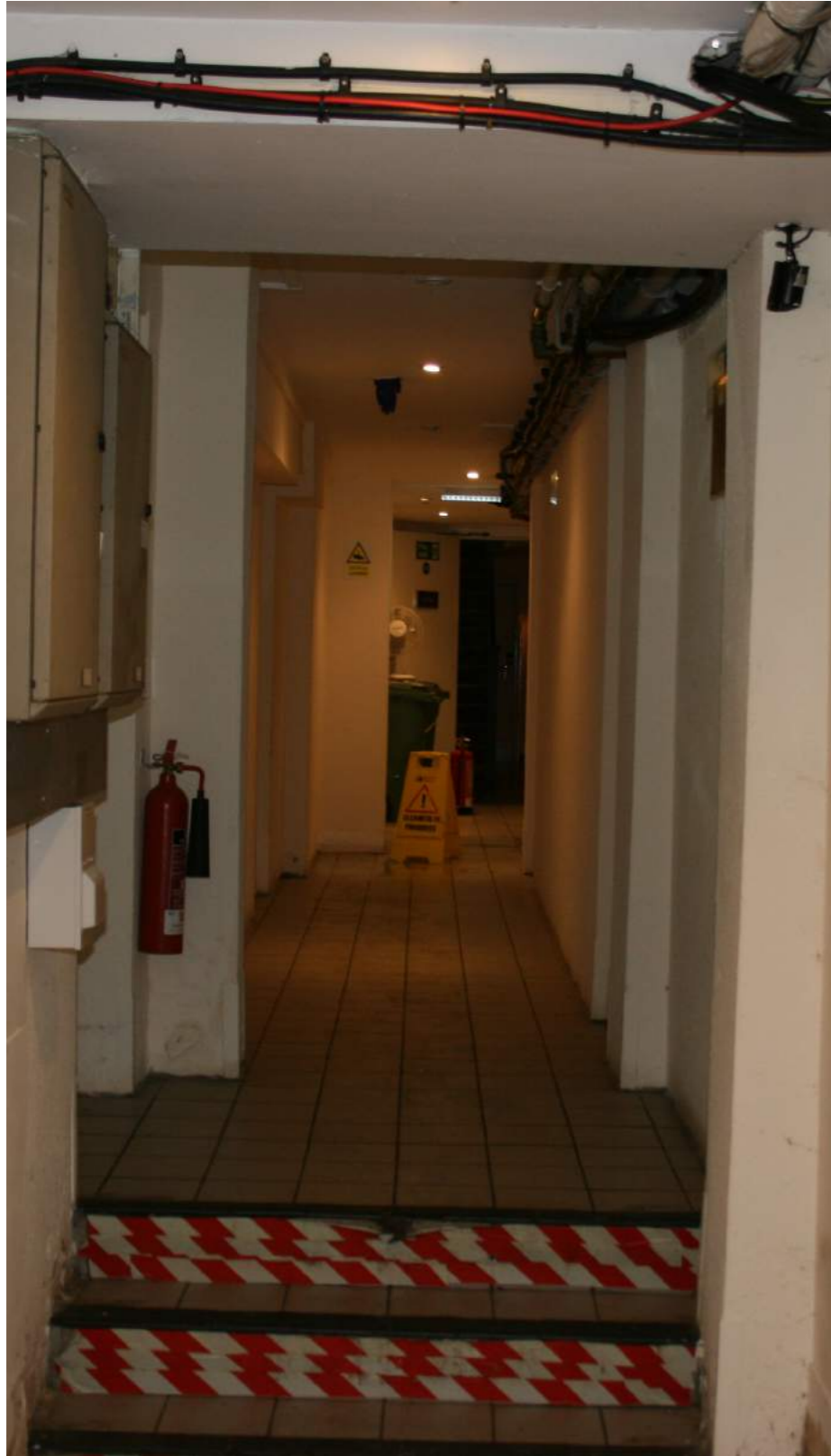
STEPS AS PART OF THE CORRIDORS
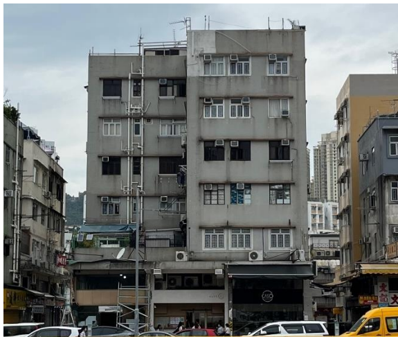
Plate 17 – NAP15: Shing Ho Building
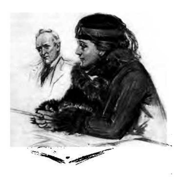
She was looking into his eyes, calmly, seriously, and, he thought, a bit speculatively (Page 13)
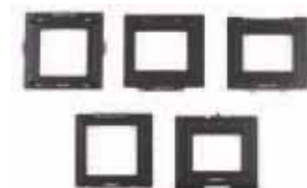
Adapters for different camera platforms
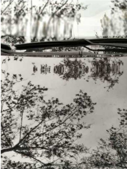
Metamorfòsia I , 2018, digital print, 51,41 x 38,81 cm (20,24 x 15,28 in) ed. 5 ex.
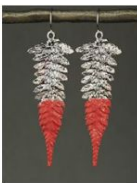
I1209 Butter Pecan

Silver-plated earwire. Handmade nickel silver, brass and studio etched copper charms. Length: 2 1/2"
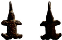
1024 Antiquities 17mm 2,40g
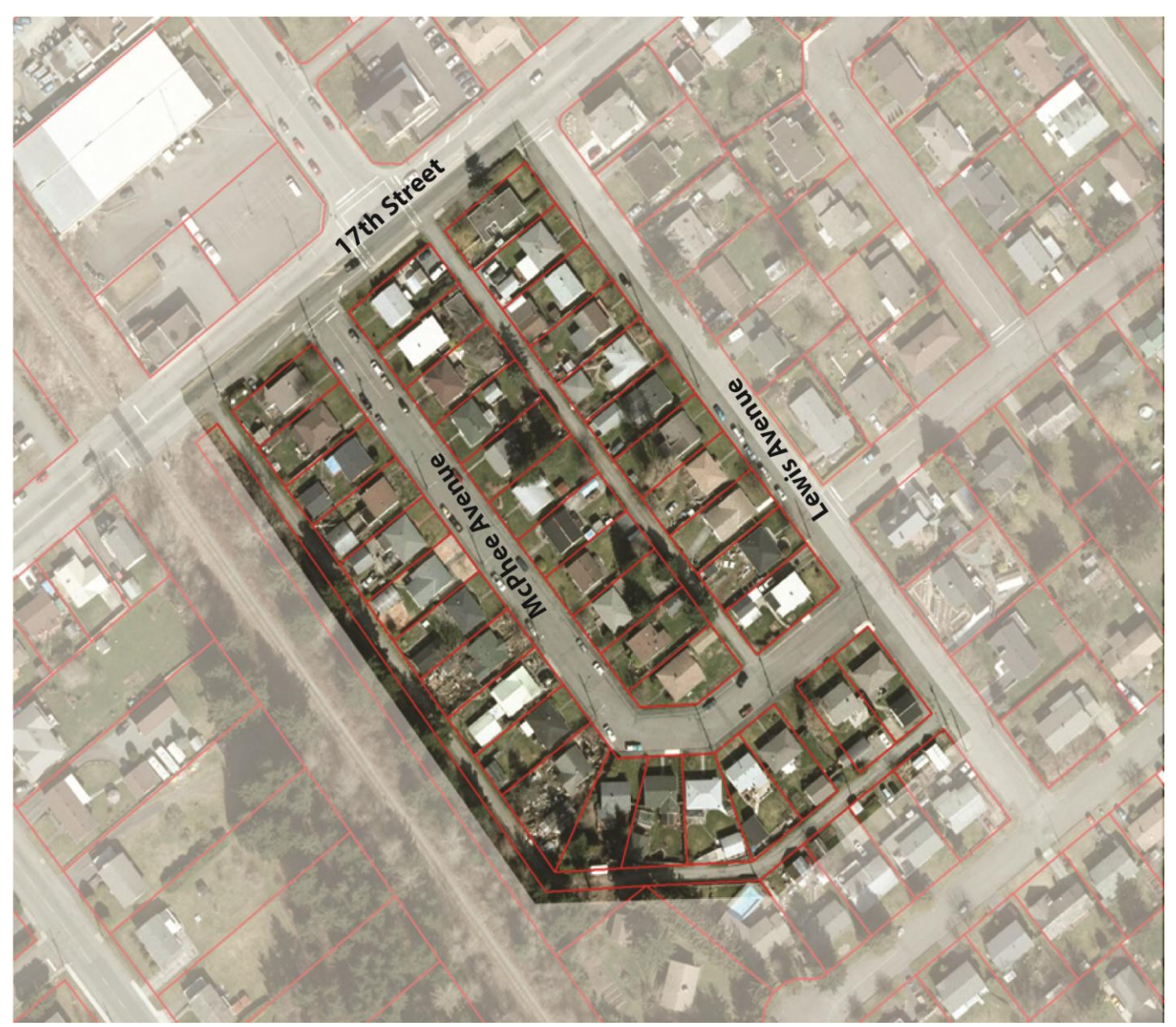
The 40 houses neighbourhood shown in an aerial photograph taken in 2012. Lot lines are shown in red.
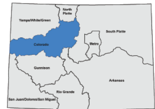
Territories of CO’s basin roundtables
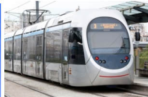
MRT / Railway
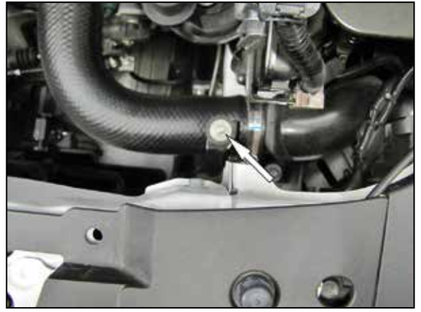
9. Install the provided rubber mounted stud onto the factory air filter housing mounting location.
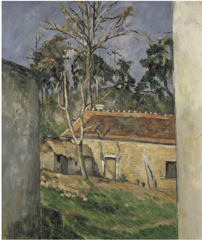
Farmyard (1879) Musée d'Orsay
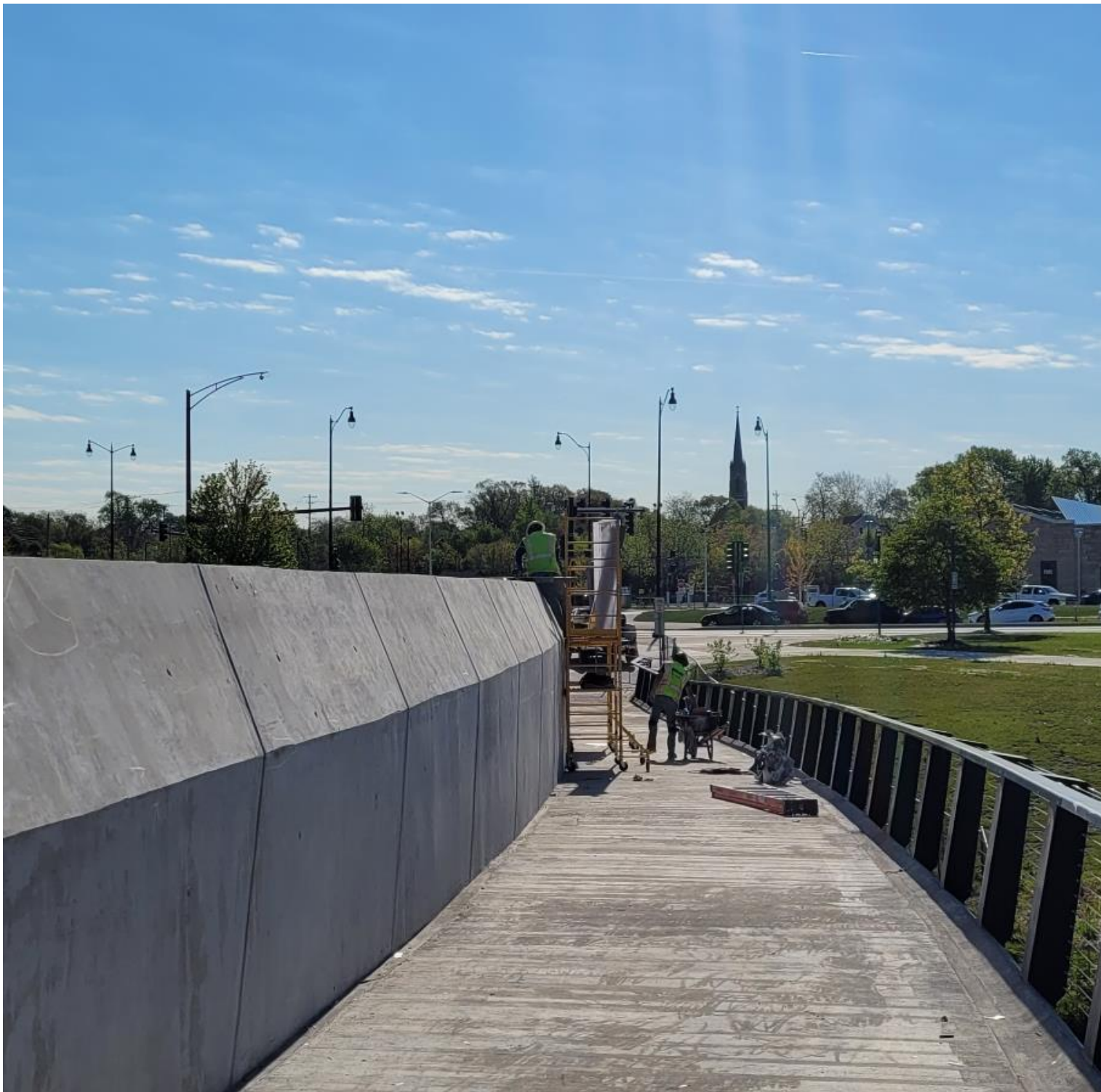
05/14/2021-Contractors continue work
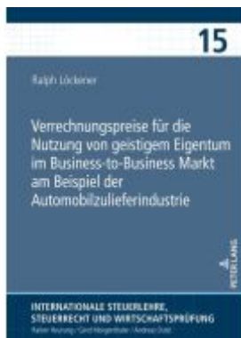
Verrechnungspreise für die Nutzung von geistigem Eigentum im Business-to- Business Markt am Beispiel der Automobilzulieferindustrie Ladenpreis: 71,90EUR
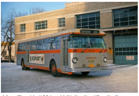
Metro Transit's #554, a 1960 CanCar "Box Car".

Winnipeg's Transit System has featured many different types of bus models from various manufacturers including Canadian Car Foundry, General Motors, and Orion Bus Industries.
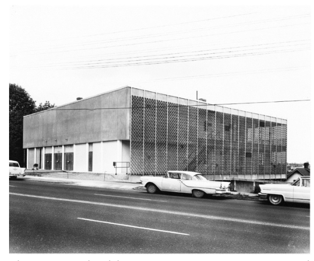
The current building on Dexter Avenue opened in 1961.

For a list of upcoming events at the Swedish Club, go to <a href="http://swedishclubnw.org/Events/regular.htm">http://swedishclubnw.org/Events/regular.htm</a>
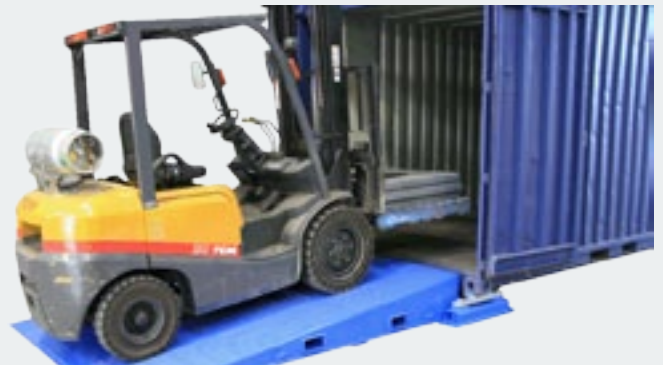
Load container with forklift via forklift ramps that lock into frame
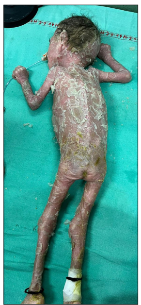
Figure 1b: Ichthyosiform, yellow-brown coarse scales with desquamation of skin over the back.
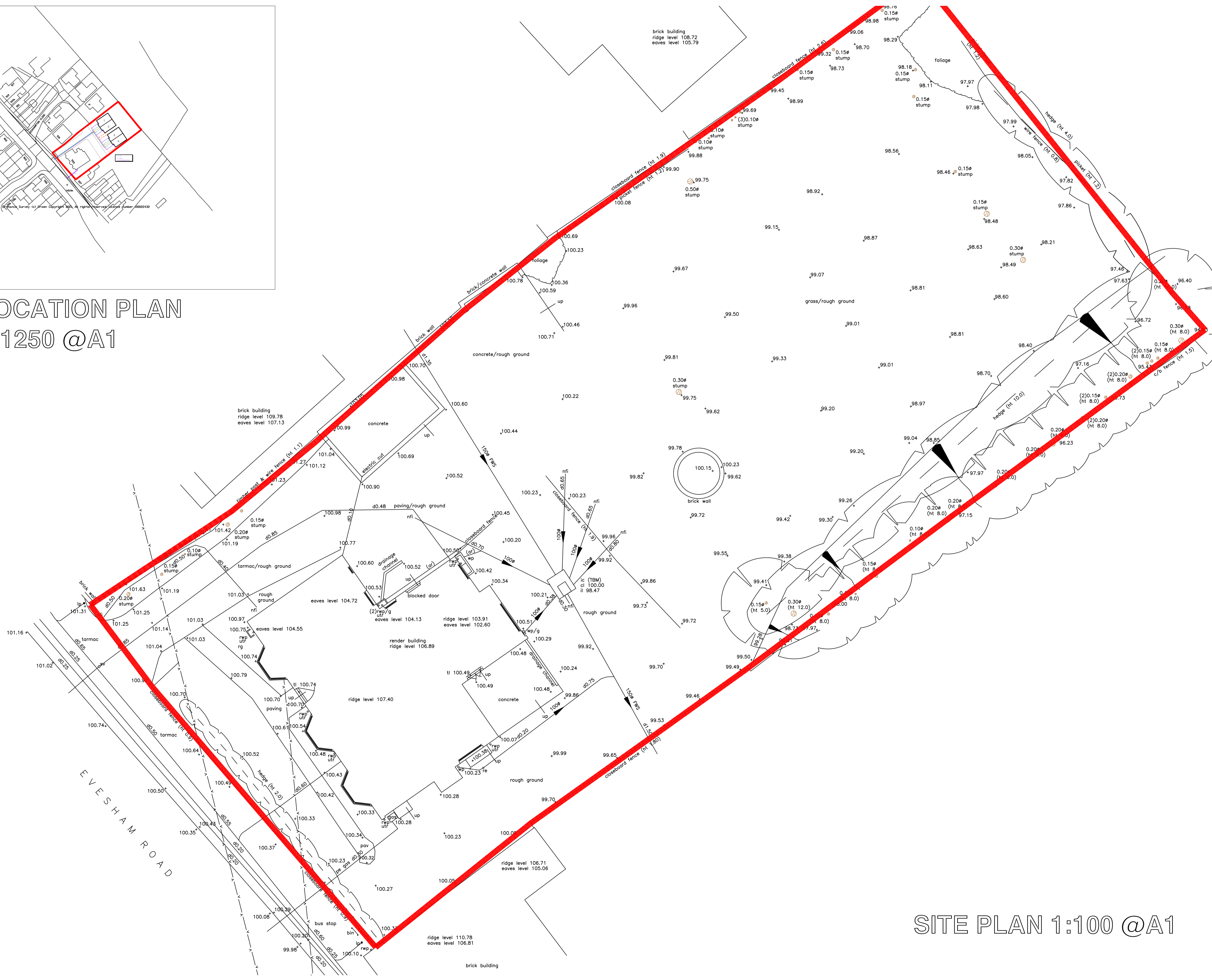
SITE PLAN 1:100 @A1

Copyright of this drawing is retained by Masefields Marchant Brabbs Limited, not to be reproduced or copied without written consent.
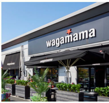
Wagamama Wagamama serves vibrant, Asian-inspired dishes in a relaxed, modern setting, perfect for satisfying every craving. IG: @wagamama_UK
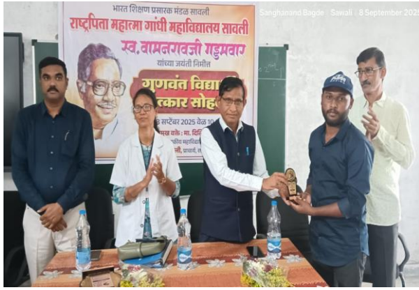
Felicitation of Student (Academic Excellence)
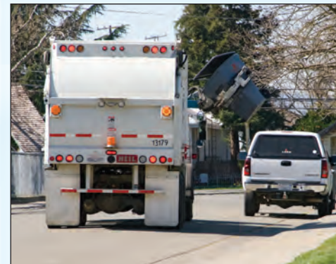
Use extra caution when approaching or passing working Recology trucks. Children, pets, and other dangers can be difficult to spot; so be careful driving near or around trucks.
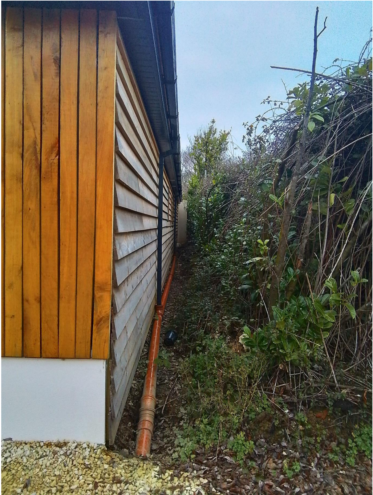
Rear of annex extension
******
**WORK ITEM:** Using the data above, return the lines from the one holding "The current building" through the one holding "Felicitation of Student (Academic Excellence)" exactly, but not the pictures.

**SOLUTION FOR THIS PROBLEM:**
The current building on Dexter Avenue opened in 1961.

For a list of upcoming events at the Swedish Club, go to <a href="http://swedishclubnw.org/Events/regular.htm">http://swedishclubnw.org/Events/regular.htm</a>
Load container with forklift via forklift ramps that lock into frame
Figure 1b: Ichthyosiform, yellow-brown coarse scales with desquamation of skin over the back.
SITE PLAN 1:100 @A1

Copyright of this drawing is retained by Masefields Marchant Brabbs Limited, not to be reproduced or copied without written consent.
Wagamama Wagamama serves vibrant, Asian-inspired dishes in a relaxed, modern setting, perfect for satisfying every craving. IG: @wagamama_UK
Felicitation of Student (Academic Excellence)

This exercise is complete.